Coolvetica
- Category: Neogrotesque sans-serif, display
- Designer: Ray Larabie
- Foundry: LarabieFonts (original)
- Date released: September 7, 1999
- Re-issuing foundries: Typodermic Fonts (later variants)
- License: Freeware (TFDL, semibold weight) Proprietary (other weights)
- Design based on: Derivatives of Helvetica
- Variations: Compressed Condensed Crammed
- Trademark: Typodermic Fonts, Inc.

= Coolvetica =

Grotesque sans-serif display typeface

Coolvetica is a neogrotesque sans-serif typeface designed as a freeware display type by Ray Larabie in the late 1990s. It is indirectly based upon Helvetica.

==Origin==
Ray Larabie released Coolvetica on September 7, 1999. It was an attempt to capture the logotype aesthetic of the 1970s, when designers often customized Helvetica into more playful and tightly spaced forms. The Stop & Shop supermarket logo from 1973 to 1982 was the main reference point. Its distinctive lowercase t, shaped like a reversed J, became the seed for the design. The font was made from scratch in Fontographer (his usual choice of font development software), expanding the curly theme of the t into other letters such as the j and y, which were given full curls.
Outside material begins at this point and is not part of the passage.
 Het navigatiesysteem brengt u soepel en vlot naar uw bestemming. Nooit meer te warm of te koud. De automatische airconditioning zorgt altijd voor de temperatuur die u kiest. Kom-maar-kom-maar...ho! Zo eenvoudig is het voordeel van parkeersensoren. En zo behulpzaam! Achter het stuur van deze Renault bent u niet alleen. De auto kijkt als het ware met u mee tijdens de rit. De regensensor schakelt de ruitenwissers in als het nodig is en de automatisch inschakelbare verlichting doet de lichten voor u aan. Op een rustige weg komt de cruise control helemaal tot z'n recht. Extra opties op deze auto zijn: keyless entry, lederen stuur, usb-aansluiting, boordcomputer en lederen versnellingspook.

Larabie also deliberately tightened the kerning of the letters by removing the small curves in the lower-right corners of glyphs such as a and R to bring them perpendicular to the baseline.
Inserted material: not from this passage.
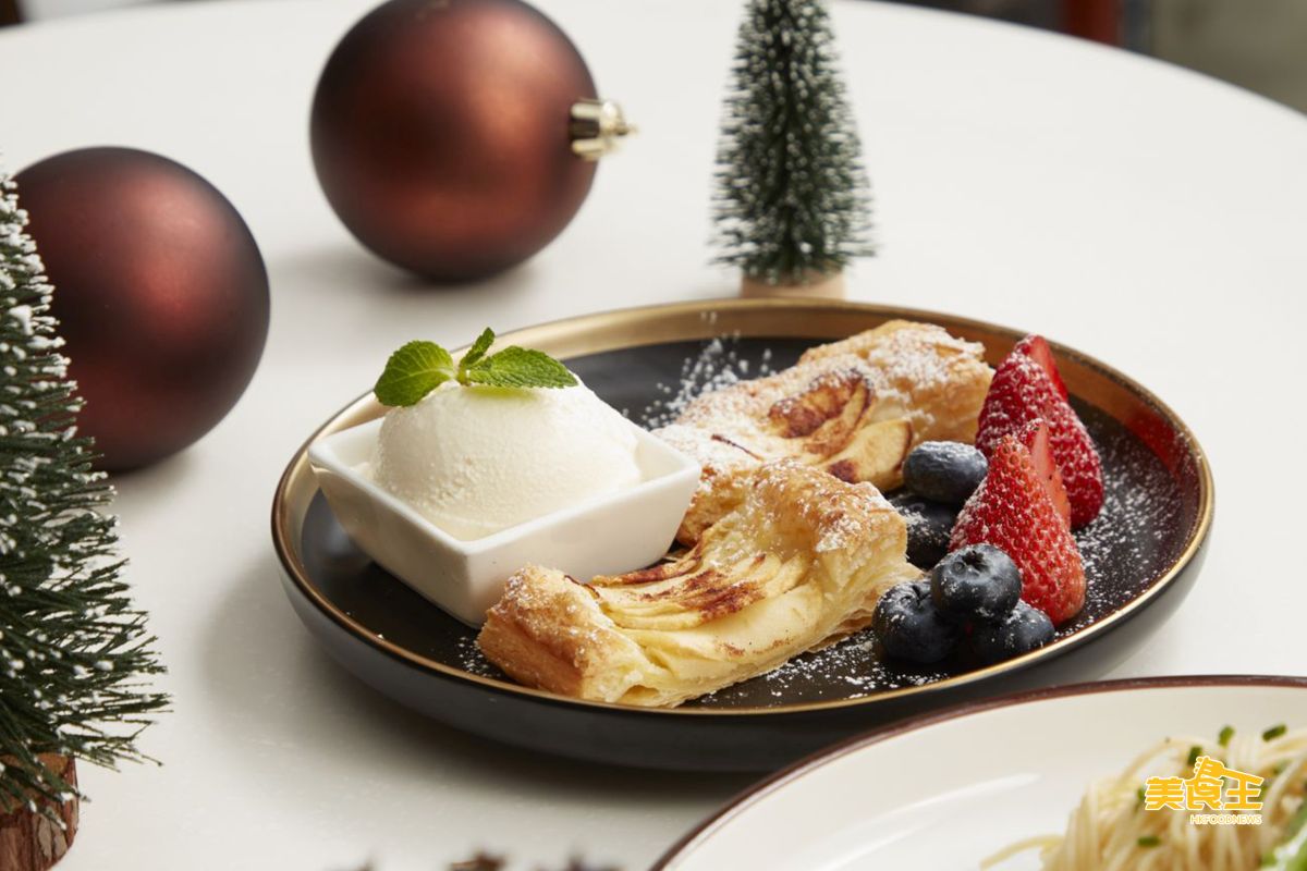 甜品則是「玉桂蘋果卷配雲呢拿雪糕」,柔軟濕潤的玉桂蘋果卷可嚐到片片清甜的蘋果肉,伴上香口的雲呢拿雪糕,還有一杯熱飲 (可以特惠價升級特色飲品),為晚餐完美作結!

The first release was released under a free license as optional donationware. In 2009, this version was deprecated and a new version was released, bearing a full range of weights from Ultra-Light to Heavy, along with italics, which removed certain symbols (such as arrows that had been encoded in the positions of the less than and greater than signs, and a star in the bullet position) and revised some of the hacks in the original with more modern OpenType features to bring the font into compliance with modern encoding standards; these later variants required a commercial license, with one weight—the semi-bold, corresponding to the original release—remaining available under a modified license still free for most uses. A later addition added a series of condensed and compressed versions, which were formed by shrinking the characters and using vertical lines to increase their heights back to their standard heights (thus, characters such as 0 and O resemble rounded rectangles instead of ellipses as with a traditional method of condensation).

== Impact ==
Coolvetica is, by far, Larabie's most popular font. Florence Deygas and Olivier Kuntzel used Coolvetica for the design work of the 2002 film Catch Me if You Can, which they remarked was due to the font's evocation of the 1960s and the works of graphic designers such as Saul Bass and Paul Rand. Larabie remarked in his autobiography that though it was originally meant to evoke the aesthetics of the 1970s, its widespread popularity instead led to it becoming evocative of its own era of the turn of the millennium.